- Sergey Yablonsky
- Born: 6 December 1924 Moscow, Russia
- Died: 26 May 1998 (aged 73) Moscow, Russia
- Education: Moscow State University
- Awards: Lenin Prize
- Scientific career
- Fields: Mathematics and discrete mathematics
- Workplaces: Moscow State University Steklov Institute of Mathematics Institute of Applied Mathematics
- Doctoral advisor: Nina Bari Pyotr Novikov
- Doctoral students: Oleg Lupanov, Rafail Krichevskii

= Sergey Yablonsky =

Soviet and Russian mathematician

Sergey Vsevolodovich Yablonsky (Russian: Серге́й Все́володович Ябло́нский, 6 December 1924 - 26 May 1998) was a Soviet and Russian mathematician, one of the founders of the Soviet school of mathematical cybernetics and discrete mathematics. He is the author of a number of classic results on synthesis, reliability, and classification of control systems (Управляющие системы), the term used in the USSR and Russia for a generalization of finite-state automata, Boolean circuits and multi-valued logic circuits.

Yablonsky is credited for helping to overcome the pressure from Soviet ideologists against the term and the discipline of cybernetics and establishing what in the Soviet Union was called mathematical cybernetics as a separate field of mathematics. Yablonsky and his students were ones of the first in the world to raise the issues of potentially inherent unavoidability of the brute force search for some problems, the precursor of the P = NP problem, though Gödel's letter to von Neumann, dated 20 March 1956 and discovered in 1988, may have preceded them.

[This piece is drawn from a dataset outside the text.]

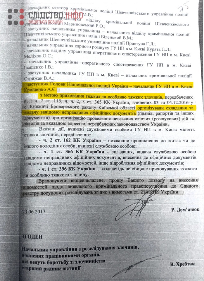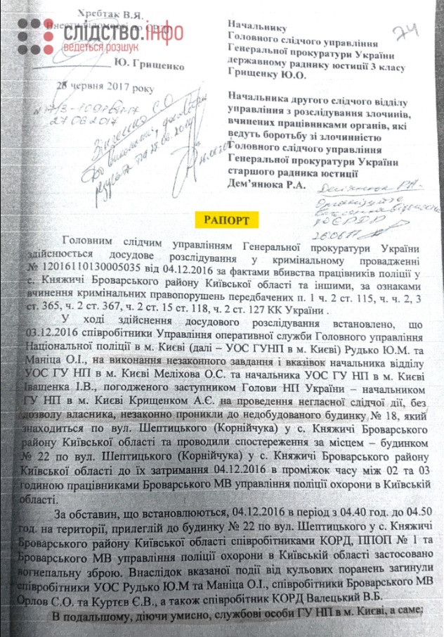 "Прокуроры узнали, что руководители киевской полиции, в частности, начальник Андрей Крищенко, его тогдашний заместитель Виталий Стрижак, бывший начальник уголовного розыска Леонид Курята и другие могли подделать официальные документы после перестрелки, чтобы сфальсифицировать доказательства", - говорится в расследовании.

In Russia, a group led by Yablonsky had the idea that combinatorial problems are hard in proportion to the amount of brute-force search required to find a solution. In particular, they noticed that for many problems they could not find a useful way to organize the space of potential solutions so as to avoid brute force search. They began to suspect that these problems had an inherently unorganized solution space, and the best method for solving them would require enumerating an exponential (in the size of the problem instance) number of potential solutions. That is, the problems seem to require $c^n$ "shots in the dark" (for some constant $c$) when the length of the problem description is $n$. However, despite their "leading-edge" taste in mathematics, Yablonsky's group never quite formulated this idea precisely.

== Biography ==

=== Childhood ===

Sergey Yablonsky

Yablonsky was born in Moscow, to the family of a professor of mechanics. His mathematical talents became apparent in early age. In 1940 he became the winner of the sixth Moscow secondary school mathematical olympiad.

=== War ===
In August 1942, after completing his first year at Moscow State University's Faculty of Mechanics and Mathematics, Yablonsky, then 17, went to serve in the Soviet Army, fighting in the second world war as a member of the tank brigade 242. For his service he was awarded two Orders of the Patriotic War, two Orders of the Red Star, Order of Glory of the 3rd class, and numerous medals. He returned to his study after the war has ended in 1945 and went on to graduate with distinction.

=== Post-war period ===

Yablonsky graduated the Faculty of Mechanics and Mathematics of Moscow State University in 1950. During his student years he worked under supervision of Nina Bari. This collaboration resulted in his first research paper, "On the converging sequences of continuous functions" (1950).

He joined the graduate program of the Faculty of Mechanics and Mathematics in 1950 where his advisor was Pyotr Novikov. There Yablonsky's research was on the issues of the expressibility in mathematical logic. He approached this problem in terms of the theory of k-valued discrete functions. Among the problems that were addressed in his PhD thesis titled "Issues of functional completeness in k-valued calculus" (1953) is the definitive answer to the question of completeness in 3-valued logic.

Starting from 1953, Yablonsky worked at the Department of Applied Mathematics of Steklov Institute of Mathematics, that in 1966 became the separate Institute of Applied Mathematics. Over the period of the 1950s and 1960s, together with Alexey Lyapunov, Yablonsky organized the seminar on cybernetics, showing his support to the new field of mathematics that had been a subject of a significant controversy fueled by Soviet ideologists. He actively participated in the creation of the periodical publication Problems of Cybernetics, with Lyapunov as its first editor-in-chief. Yablonsky succeeded Lyapunov as the editor-in-chief of Problems of Cybernetics in 1974 (the publication changed its name to Mathematical Issues of Cybernetics in 1989). In 1966 Yablonsky (together with Yuri Zhuravlyov and Oleg Lupanov) was awarded Lenin Prize for their work on the theory of control systems (in the discrete-mathematical sense, as explained above). In 1968 Yablonsky was elected a corresponding member of the Academy of Sciences of the Soviet Union (division of mathematics).

Yablonsky played an active role in the creation of the Faculty of Computational Mathematics and Cybernetics at Moscow State University in 1970. In 1971 he became the founding head of the department of mathematical cybernetics (initially department of automata theory and mathematical logic) at the Faculty of Computational Mathematics and Cybernetics.